Segment Open

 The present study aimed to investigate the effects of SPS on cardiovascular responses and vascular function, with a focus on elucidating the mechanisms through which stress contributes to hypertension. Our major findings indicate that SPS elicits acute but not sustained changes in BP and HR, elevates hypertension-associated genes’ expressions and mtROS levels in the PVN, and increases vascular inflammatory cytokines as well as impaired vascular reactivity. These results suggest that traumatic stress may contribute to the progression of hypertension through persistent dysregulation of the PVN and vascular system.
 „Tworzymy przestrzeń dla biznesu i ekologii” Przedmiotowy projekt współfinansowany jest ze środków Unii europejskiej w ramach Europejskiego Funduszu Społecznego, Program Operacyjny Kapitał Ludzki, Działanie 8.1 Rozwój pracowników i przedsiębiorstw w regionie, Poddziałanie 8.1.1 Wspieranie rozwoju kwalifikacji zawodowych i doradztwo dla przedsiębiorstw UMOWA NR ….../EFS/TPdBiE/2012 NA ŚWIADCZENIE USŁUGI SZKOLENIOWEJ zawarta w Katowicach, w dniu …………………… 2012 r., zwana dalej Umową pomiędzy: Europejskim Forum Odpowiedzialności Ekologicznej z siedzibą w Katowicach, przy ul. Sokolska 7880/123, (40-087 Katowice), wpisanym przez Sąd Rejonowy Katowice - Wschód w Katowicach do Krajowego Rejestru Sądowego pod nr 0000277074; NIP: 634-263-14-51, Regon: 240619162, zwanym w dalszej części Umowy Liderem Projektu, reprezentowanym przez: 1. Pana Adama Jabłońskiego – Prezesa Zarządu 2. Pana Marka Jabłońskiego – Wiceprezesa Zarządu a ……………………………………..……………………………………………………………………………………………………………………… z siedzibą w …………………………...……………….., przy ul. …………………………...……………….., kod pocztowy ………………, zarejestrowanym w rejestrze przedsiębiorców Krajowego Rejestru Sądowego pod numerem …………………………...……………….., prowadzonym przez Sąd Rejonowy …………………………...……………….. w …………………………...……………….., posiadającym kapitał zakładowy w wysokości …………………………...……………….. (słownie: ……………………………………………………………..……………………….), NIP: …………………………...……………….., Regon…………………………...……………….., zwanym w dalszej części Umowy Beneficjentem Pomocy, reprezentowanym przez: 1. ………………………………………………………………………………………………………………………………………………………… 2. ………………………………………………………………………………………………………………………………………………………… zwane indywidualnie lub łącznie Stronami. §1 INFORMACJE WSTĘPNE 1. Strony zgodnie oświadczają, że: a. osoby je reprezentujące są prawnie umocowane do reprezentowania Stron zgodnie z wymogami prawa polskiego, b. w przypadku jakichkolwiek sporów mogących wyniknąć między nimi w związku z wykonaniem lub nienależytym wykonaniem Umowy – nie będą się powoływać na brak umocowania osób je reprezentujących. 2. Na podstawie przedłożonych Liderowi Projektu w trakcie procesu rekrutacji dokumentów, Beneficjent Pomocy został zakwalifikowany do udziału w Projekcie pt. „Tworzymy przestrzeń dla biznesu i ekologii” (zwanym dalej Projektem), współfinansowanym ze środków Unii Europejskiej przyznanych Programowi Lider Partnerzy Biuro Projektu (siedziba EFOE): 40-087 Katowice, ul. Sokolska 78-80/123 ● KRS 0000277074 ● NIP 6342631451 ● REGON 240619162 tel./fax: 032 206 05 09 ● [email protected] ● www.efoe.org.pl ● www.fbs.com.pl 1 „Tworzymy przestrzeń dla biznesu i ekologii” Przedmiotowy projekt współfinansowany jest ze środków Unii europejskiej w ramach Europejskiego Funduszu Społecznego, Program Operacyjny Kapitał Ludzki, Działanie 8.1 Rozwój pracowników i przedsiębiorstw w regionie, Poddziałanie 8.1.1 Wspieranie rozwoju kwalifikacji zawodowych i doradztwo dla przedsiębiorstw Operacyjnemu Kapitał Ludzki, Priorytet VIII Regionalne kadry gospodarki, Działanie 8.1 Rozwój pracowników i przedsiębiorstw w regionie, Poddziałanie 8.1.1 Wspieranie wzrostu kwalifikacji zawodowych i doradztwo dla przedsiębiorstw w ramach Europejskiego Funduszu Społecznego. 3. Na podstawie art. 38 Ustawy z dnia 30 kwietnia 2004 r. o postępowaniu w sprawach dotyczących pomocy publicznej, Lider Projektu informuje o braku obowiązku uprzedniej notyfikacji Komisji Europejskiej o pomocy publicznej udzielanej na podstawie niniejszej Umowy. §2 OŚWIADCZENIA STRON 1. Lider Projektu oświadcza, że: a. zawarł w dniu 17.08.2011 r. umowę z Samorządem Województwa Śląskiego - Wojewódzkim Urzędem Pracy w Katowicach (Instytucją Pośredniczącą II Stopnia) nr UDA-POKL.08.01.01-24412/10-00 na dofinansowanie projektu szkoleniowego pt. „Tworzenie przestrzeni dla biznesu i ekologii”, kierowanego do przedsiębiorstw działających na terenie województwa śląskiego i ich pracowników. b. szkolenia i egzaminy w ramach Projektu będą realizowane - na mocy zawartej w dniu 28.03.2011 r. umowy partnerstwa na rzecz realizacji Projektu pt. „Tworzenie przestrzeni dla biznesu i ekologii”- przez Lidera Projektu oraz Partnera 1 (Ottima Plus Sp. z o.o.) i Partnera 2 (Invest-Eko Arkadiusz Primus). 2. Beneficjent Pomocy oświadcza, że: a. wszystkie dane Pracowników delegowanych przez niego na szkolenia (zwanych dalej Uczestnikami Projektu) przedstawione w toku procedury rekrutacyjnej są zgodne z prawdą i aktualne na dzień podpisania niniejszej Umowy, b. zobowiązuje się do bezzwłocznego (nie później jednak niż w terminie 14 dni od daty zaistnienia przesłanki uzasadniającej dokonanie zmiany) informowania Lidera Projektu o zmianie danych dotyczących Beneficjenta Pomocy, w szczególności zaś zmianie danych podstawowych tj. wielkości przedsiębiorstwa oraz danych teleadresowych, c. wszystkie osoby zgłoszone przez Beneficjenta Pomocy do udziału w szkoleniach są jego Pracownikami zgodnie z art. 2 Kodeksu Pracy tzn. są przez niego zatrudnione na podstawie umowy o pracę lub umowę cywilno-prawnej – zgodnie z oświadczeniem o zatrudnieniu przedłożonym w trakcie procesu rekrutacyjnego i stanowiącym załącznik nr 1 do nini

Segment Closed
Segment Open

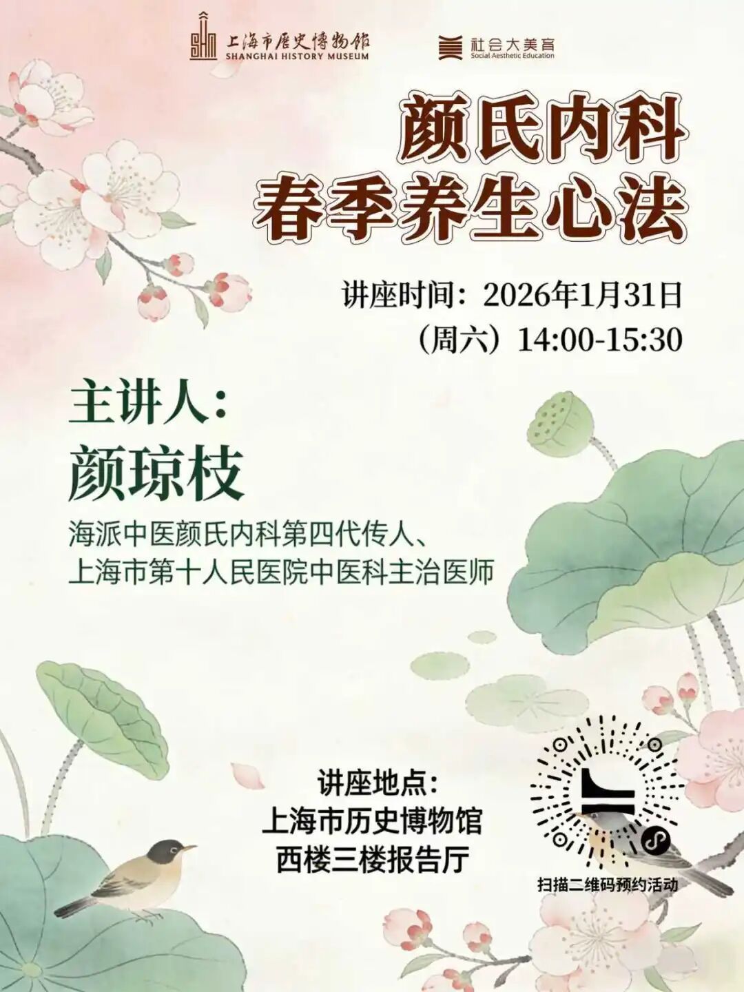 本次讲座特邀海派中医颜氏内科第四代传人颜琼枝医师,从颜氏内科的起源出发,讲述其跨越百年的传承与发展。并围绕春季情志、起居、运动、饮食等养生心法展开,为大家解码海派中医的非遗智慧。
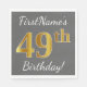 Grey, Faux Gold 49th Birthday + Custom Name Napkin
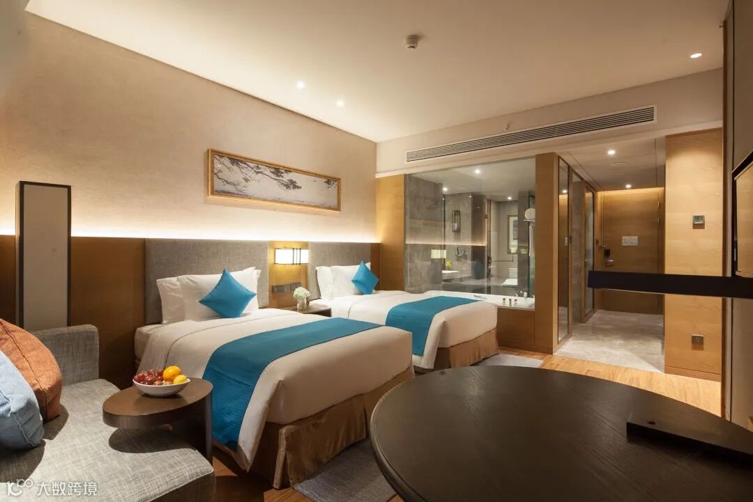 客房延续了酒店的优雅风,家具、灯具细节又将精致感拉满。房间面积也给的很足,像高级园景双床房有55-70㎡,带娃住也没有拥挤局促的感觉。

Segment Closed

**PROBLEM DETAILS**. Return exactly the part of the listing above that opens with the line containing "本次讲座特邀海派中医颜氏内科" and closes with the line containing "客房延续了酒店的优雅风,家具". Pictures stay out.

**WRITTEN RESPONSE**.
 本次讲座特邀海派中医颜氏内科第四代传人颜琼枝医师,从颜氏内科的起源出发,讲述其跨越百年的传承与发展。并围绕春季情志、起居、运动、饮食等养生心法展开,为大家解码海派中医的非遗智慧。
 Grey, Faux Gold 49th Birthday + Custom Name Napkin
 客房延续了酒店的优雅风,家具、灯具细节又将精致感拉满。房间面积也给的很足,像高级园景双床房有55-70㎡,带娃住也没有拥挤局促的感觉。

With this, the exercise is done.